Reforma: ¿Un concepto protestante?

Para muchos, la palabra “Reforma” evoca inmediatamente las memorias heroicas de un monje
agustino alemán que martilló sus 95 tesis un 31 de Octubre de 1517. Sin embargo, el término tenía una
historia que precedía a Lutero, un uso común que había existido en la época del latín clásico. En su
sentido más amplio, reformatio significaba cualquier intento por renovar la esencia de la comunidad,
institución, o grupos similares, volviendo a los orígenes y fuentes primarias. En efecto, el concepto fue
conocido por la Cristiandad desde sus inicios, siendo utilizado en tiempos de los “Padres de la
Iglesia”, para quienes los cristianos y la iglesia requerían de una “reformatio in melius per Deum” –
una transformación para mejor–. Desde entonces la idea fue adquiriendo un sentido concretamente
religioso.

Con todo, no fue sino hasta la Temprana Edad Media cuando el término obtuvo un peso
significativo, relacionado, primero que todo, con el impulso de la tradición monástica occidental.

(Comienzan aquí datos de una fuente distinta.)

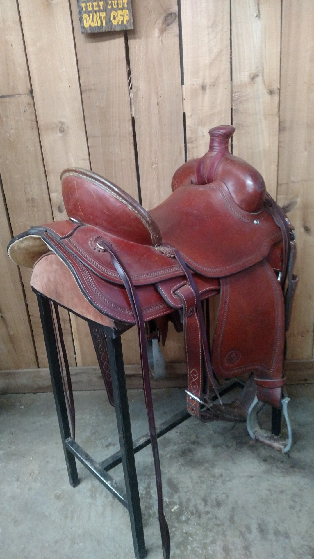 17 IN.SEAT WITH 5 IN.CANTLE,14 IN.SWELL,PLATE RIGGIN,ONLY BEEN RIDDEN A FEW TIMES, PRICE 850

En el
siglo VI, Benito de Nursia era un “reformador”, principalmente debido al hecho de haber reformado al
monasticismo. Otras olas de reformatio dentro de la iglesia se sucedieron por iniciativa de Benito de
Aniano (siglos VIII y IX), los monjes de Cluny (siglos X y XI), los monjes de Hirsau (XI, XII), la
orden del Císter (XII) y los dominicos y franciscanos (XIII). Se luchaba no solo por la renovación de
una tradición monástica en decadencia, sino por una completa “reforma” del cristianismo y de la
cristiandad.

Pero el movimiento de reforma fue más allá de la esfera del monasticismo, logrando abarcar
desde principios del siglo XI aquellos movimientos religiosos laicos, tales como los albigenses, los
cátaros y los valdesianos. Estos últimos en especial, consideraron que el “giro constantiniano” era la
ruina de la Cristiandad, proponiendo una reforma eclesiástica desde adentro hacia afuera, con tal de
guiar a la iglesia hacia una nueva vida apostólica. Incluso Joaquín de Fiore (1130/1135 -1202), quien
profesó sus votos como monje del Císter en 1168, puso su esperanza en una profunda renovación
espiritual de la iglesia a partir de una percepción profética que anunciaba la pronta irrupción de la era
del Espíritu Santo en la historia.

Mientras la iglesia se deterioraba progresivamente, las demandas de reforma aumentaban en


magnitud e intensidad. Las expresiones, emendatio ecclesiae in capite et it membris (corrección de la
iglesia a partir de su cabeza y miembros), usada por primera vez por el papa Alejandro III en una carta
del 29 de octubre de 1170, y su equivalente reformatio universalis ecclesiae, esgrimida por Inocencio
III en su bula papal un 19 de abril de 1213 en su convocación del cuatro concilio general de Letrán
(1215), pasaron a ser de uso común para expresar una necesidad general y profunda, a la vez que se
mantuvieron como un tópico a lo largo de toda la Edad Media y el período Temprano Moderno. La
demanda de una reformatio in capite et membris fue considerada en numerosos concilios de reforma,
especialmente en los de Constanza y Basilea en el primer tercio del siglo XV. Hay una definición
notable del término llevada a cabo por el teólogo español Juan de Segovia (1395-1458), figura líder
del Concilio de Basilea, quien definió la Reforma como una correctio morum pro exstirpatione
vitiorum (corrección de la moral para extirpar los errores). Esta definición implicaba volver a los
inicios, a través del cultivo de las virtudes cristianas tradicionales, y proponía contener la corrupción
por medio de una mejoría en la administración eclesiástica. De paso, el concepto había adquirido un
significado análogo en el reino secular, apareciendo en la Reformatio Sigismundi, un documento
anónimo contenedor de una serie de planes que buscaban refundar el orden político y social del Sacro
Imperio Romano Germánico, aludiendo a la preservación y restauración de la paz y justicia por medio
de una potentia conservativa et pacativa imperii (poder conservador y paliativo del Imperio).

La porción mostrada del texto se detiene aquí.